March 18 (Bloomberg) -- Hyundai Motor Co., after boosting U.S. sales of its cars and trucks 75 percent since 2008, expects its slowest annual growth in the market in five years as the South Korean company bumps up against limits in plant capacity.
Deliveries of Hyundai vehicles should rise 4.4 percent to 734,000 this year, John Krafcik, chief executive officer of the Seoul-based automaker’s U.S. sales unit, said in an interview last week. The increase of about 31,000 units from 2012 will result from improved efficiency at Hyundai’s Montgomery, Alabama, factory, he said.
“All of our Korean plants are very tight, as are our plant in Alabama” and a Kia Motors Corp. factory in Georgia that builds the Santa Fe sport-utility vehicle for Hyundai, Krafcik said during a test drive of the redesigned SUV in San Diego. “There are no plans to expand capacity. We have shown the last few years that without a new plant we’ve been very capable of finding incremental production.”
The growth spurt for Hyundai, South Korea’s largest carmaker, began in 2009 with redesigns of the Sonata sedan, Elantra compact car and Tucson crossover and culminates with the Santa Fe SUV. Supplies of the latter, offered this year for the first time in two varieties -- a smaller Sport version and larger three-row model -- also will be tight, Krafcik said.
Hyundai’s U.S. sales rose to 703,007 vehicles last year from 401,742 in 2008, the last year in which the company had a sales decline.
Restrained growth will allow Hyundai to keep improving vehicle quality and customer satisfaction, he said. “Volume gains are really not the focus right now.”
Industrywide sales rose 8.4 percent this year through February, compared with a 2.3 percent gain for Hyundai. AutoNation Inc., the largest U.S. retailer of new cars and trucks, expects U.S. sales to rise to the mid-15 million-unit range in 2013, up from 14.5 million last year.
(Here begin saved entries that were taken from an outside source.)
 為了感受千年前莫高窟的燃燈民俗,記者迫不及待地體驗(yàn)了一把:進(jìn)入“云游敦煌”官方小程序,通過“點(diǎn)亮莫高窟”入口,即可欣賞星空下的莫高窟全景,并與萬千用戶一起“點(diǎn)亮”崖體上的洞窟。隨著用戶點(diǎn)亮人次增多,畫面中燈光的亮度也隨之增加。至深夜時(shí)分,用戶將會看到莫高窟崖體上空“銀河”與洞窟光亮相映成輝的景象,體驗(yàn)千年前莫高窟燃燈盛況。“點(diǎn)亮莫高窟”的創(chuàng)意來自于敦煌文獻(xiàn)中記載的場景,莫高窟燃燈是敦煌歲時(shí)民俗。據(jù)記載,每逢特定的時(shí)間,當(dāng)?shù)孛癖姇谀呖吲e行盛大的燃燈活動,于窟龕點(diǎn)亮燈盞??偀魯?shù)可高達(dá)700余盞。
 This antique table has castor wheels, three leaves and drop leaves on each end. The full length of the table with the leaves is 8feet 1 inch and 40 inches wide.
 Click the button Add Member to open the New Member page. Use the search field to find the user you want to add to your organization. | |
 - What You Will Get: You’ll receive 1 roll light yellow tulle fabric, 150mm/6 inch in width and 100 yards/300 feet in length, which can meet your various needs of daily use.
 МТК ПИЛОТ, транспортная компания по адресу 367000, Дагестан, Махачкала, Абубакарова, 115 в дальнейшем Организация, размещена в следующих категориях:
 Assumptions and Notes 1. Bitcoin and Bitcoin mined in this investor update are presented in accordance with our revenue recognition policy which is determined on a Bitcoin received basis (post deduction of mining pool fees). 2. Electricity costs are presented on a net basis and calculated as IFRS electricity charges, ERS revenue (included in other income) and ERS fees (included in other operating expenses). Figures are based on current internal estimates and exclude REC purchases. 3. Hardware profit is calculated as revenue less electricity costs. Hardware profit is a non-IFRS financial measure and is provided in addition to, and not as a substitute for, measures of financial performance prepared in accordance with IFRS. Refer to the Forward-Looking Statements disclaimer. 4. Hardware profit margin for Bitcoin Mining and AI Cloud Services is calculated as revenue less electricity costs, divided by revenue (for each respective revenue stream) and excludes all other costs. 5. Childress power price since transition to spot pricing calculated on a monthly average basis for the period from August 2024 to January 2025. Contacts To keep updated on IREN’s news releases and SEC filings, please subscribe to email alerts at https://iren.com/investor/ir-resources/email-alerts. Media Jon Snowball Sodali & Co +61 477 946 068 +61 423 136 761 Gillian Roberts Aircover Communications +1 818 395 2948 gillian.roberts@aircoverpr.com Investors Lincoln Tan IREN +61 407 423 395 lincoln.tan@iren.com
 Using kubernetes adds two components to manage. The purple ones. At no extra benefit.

“If they are dropping market share this year in the U.S. because of the capacity situation, that has to be very frustrating,” said Larry Dominique, president of Santa Barbara, California-based ALG Inc., the industry researcher that determines vehicle residual values.
“Losing market share means someone else is getting the sales,” said Dominique, former head of North American product planning for Nissan Motor Co. “It’s curious, between Hyundai and Kia, that they are being so very cautious on capacity.”
Hyundai would like to at least boost sales in line with the market, “but it’s going to be tough for us,” Krafcik said.
Krafcik’s forecast for slower U.S. growth is in line with the global outlook for affiliates Hyundai and Kia. Chung Mong Koo, chairman of both carmakers, said in January that their combined sales would rise 4.1 percent to 7.41 million vehicles.
Kia is building the Santa Fe Sport version at its West Point, Georgia, plant, while the three-row model is imported from South Korea. Both the Kia plant and Hyundai’s Alabama factory run three daily assembly shifts to maximize production.
Hyundai’s one advantage from the tight supply is per-vehicle profitability, Dominique said.
“For now, they can focus on selling their vehicles at higher transaction prices,” he said. “The best they can do is to focus on maximizing profitability until capacity increases.”